The Museum of Modern Art gave Bearden a retrospective show in the early-1970s, though Campbell points out that “whole periods from Bearden’s body of work” were eliminated. His political cartoons from the Depression, the literary abstractions from the 1940s, and the “large non-objective oils from the late-1950s and early-1960s” were curiously missing. Was this Bearden’s choice, or one imposed on him by the gallery? Campbell has no answer, and she mentions that all the paintings on display “were scenes of black life”. Did Bearden simply want to forget about a time when he didn’t care to be singled out as a black artist, though that wouldn’t explain the absence of his 1930s political cartoons? Or was it that MOMA wanted to emphasise the black aspect in his work?

Bearden continued to be active, though a controversy regarding a mural he had created for a hospital caused him to retire to the small island of St Martin in the Caribbean. He had grown increasingly tired of the hectic nature of New York life and was anxious to find somewhere he could work in peace. He died in 1988.

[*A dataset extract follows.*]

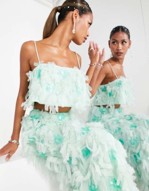ASOS EDITION - Cropped camitop van mesh met lovertjes in lichtgroen
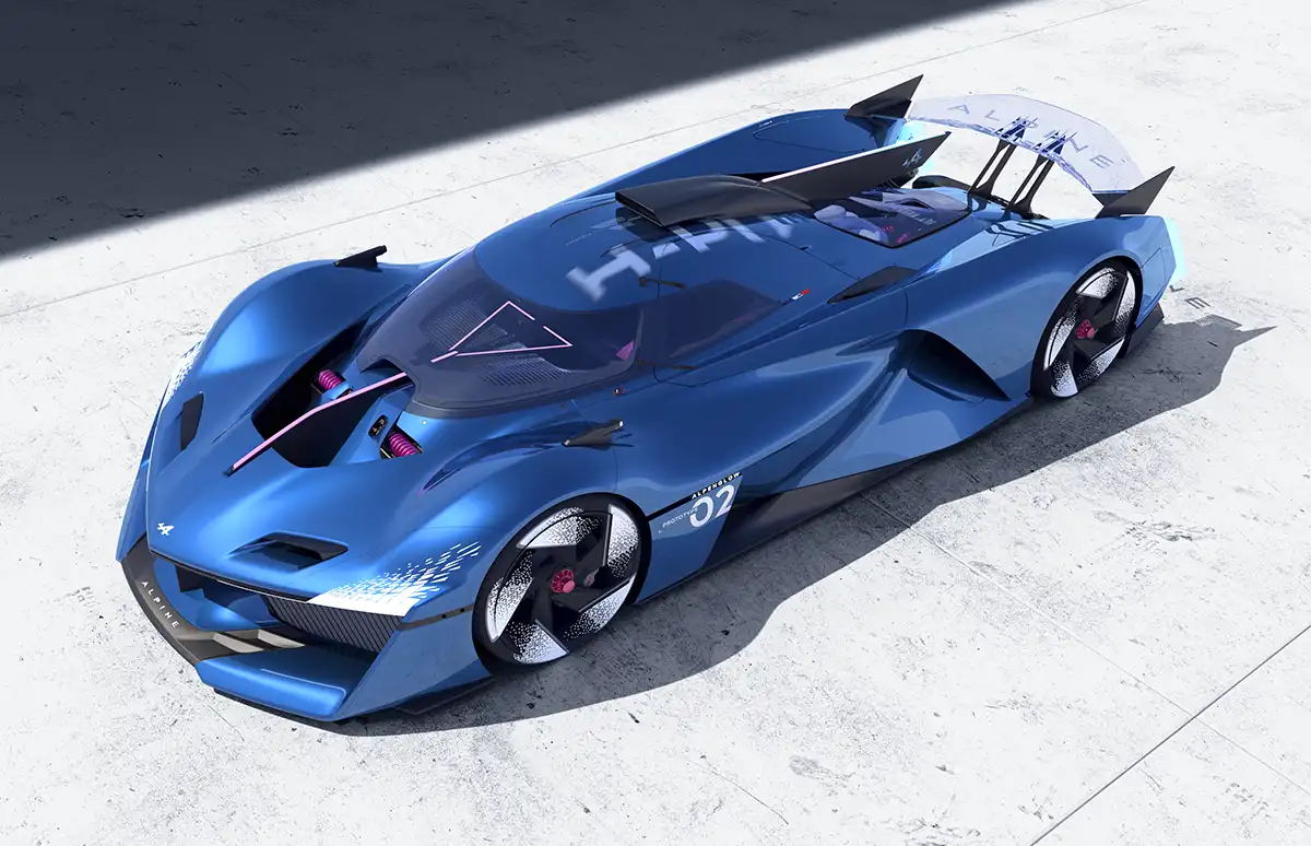 Alpenglow Hy6 del brand performance del Gruppo Renault “incarna perfettamente la sintesi tra meccanica ed estetica, grazie al cofano posteriore trasparente che valorizza la tecnologia presente in questo veicolo. Tenendo fede alla filosofia di Alpine, vengono esaltate le prodezze tecniche e l’ingegneria attraverso un design raffinato.”

I’m conscious of having moved quickly through Bearden’s life and work, and that I’ve completely overlooked his activities as a writer. He contributed articles and reviews to numerous publications, including exhibition catalogues, magazines, and newspapers. Campbell provides a detailed bibliography of them. I’m similarly conscious of having quoted extensively from Campbell’s description of Bearden’s work. There is a simple explanation for this. I can’t recollect having seen a single canvas by Romare Bearden, though I have come across illustrations In one or two books. And there are some excellent reproductions of his work in the publication under review. Are there examples of his work in any British galleries? Even if one or two do exist, I doubt that Bearden’s name will mean much to most people in the United Kingdom. But Campbell has had the opportunity to study Bearden’s paintings and can describe and analyse them much better than I could.

An American Odyssey: The Life and Work of Romare Bearden is a fascinating book, lovingly detailed and closely illustrating how its subject had to struggle, both as an artist and as a black person, to establish a place in the history of art in America.